_Task brief:_ From the entries that follow, reproduce exactly and only the lines from the line with "We built BibaFlow" to the line with "Với những sản", endpoints included.

_Records supplied:_
-=-=-=-=-

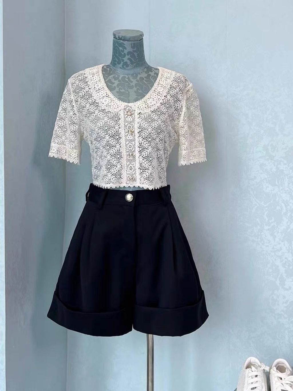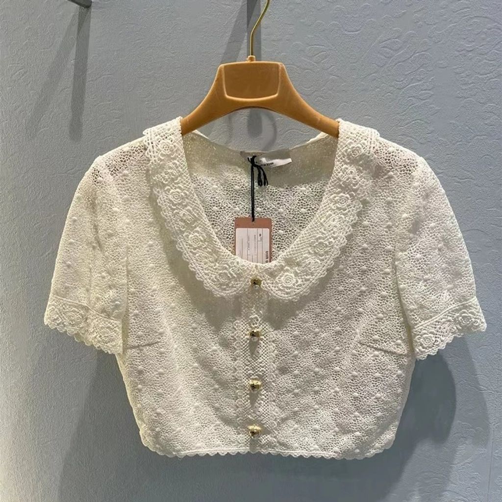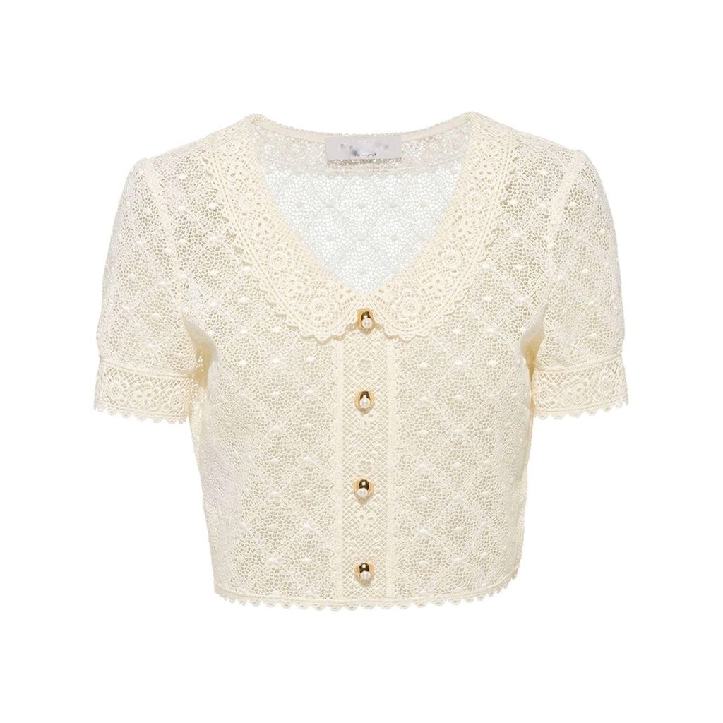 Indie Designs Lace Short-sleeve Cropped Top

-=-=-=-=-

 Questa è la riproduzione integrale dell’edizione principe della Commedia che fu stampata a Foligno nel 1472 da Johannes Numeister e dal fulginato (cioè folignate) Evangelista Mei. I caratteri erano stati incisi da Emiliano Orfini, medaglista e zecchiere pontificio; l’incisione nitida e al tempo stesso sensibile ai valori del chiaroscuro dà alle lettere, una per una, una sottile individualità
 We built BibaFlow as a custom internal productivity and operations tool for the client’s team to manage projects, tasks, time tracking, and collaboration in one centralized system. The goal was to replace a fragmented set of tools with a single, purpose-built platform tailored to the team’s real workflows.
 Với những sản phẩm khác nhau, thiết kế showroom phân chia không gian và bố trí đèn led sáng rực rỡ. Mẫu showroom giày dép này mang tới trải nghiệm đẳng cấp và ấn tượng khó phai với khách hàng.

-=-=-=-=-

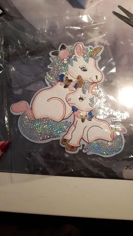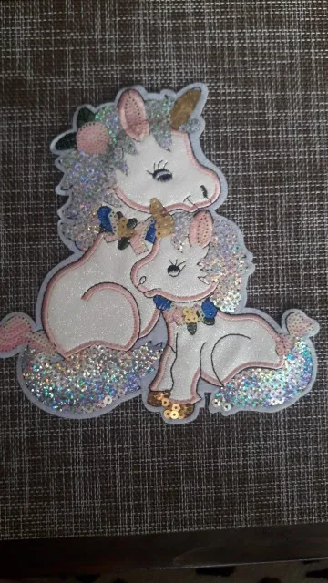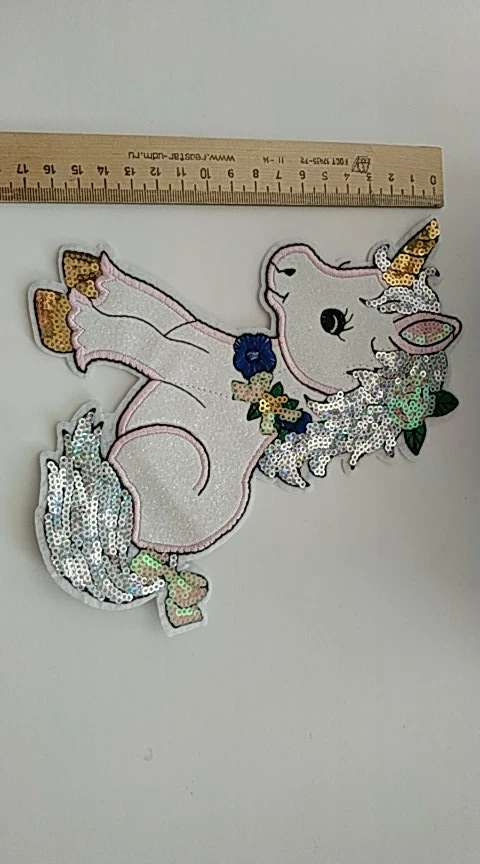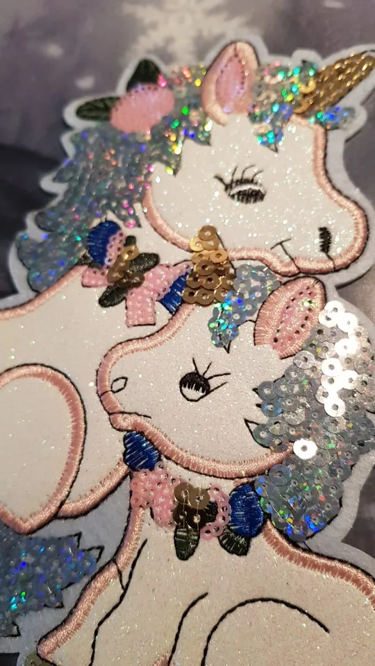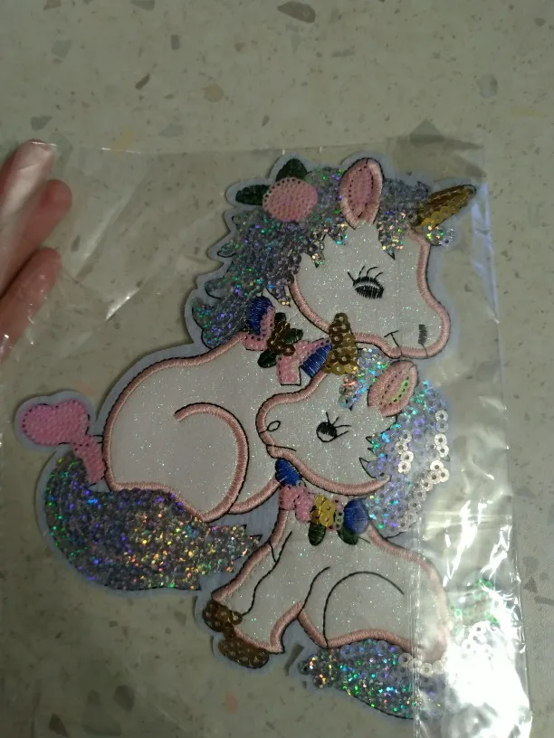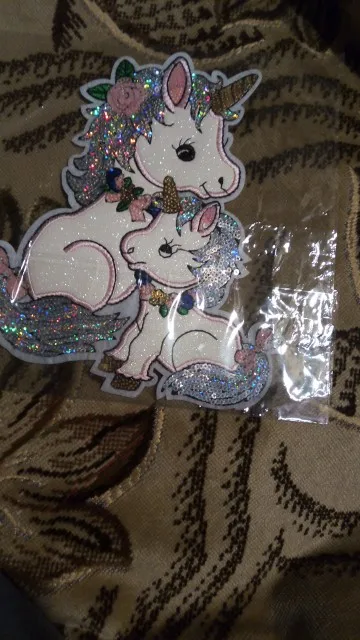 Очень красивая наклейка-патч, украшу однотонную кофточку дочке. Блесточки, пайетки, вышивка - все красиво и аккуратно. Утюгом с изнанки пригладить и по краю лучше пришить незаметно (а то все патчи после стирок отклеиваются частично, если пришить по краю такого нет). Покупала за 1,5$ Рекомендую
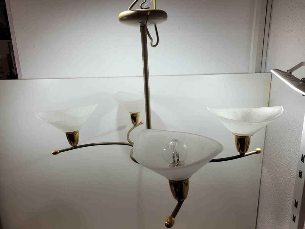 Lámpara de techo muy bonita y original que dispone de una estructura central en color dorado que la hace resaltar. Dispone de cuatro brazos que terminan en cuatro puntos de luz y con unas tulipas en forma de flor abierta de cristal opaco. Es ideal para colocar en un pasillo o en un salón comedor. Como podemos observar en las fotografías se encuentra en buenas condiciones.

-=-=-=-=-

_Expected answer:_
 We built BibaFlow as a custom internal productivity and operations tool for the client’s team to manage projects, tasks, time tracking, and collaboration in one centralized system. The goal was to replace a fragmented set of tools with a single, purpose-built platform tailored to the team’s real workflows.
 Với những sản phẩm khác nhau, thiết kế showroom phân chia không gian và bố trí đèn led sáng rực rỡ. Mẫu showroom giày dép này mang tới trải nghiệm đẳng cấp và ấn tượng khó phai với khách hàng.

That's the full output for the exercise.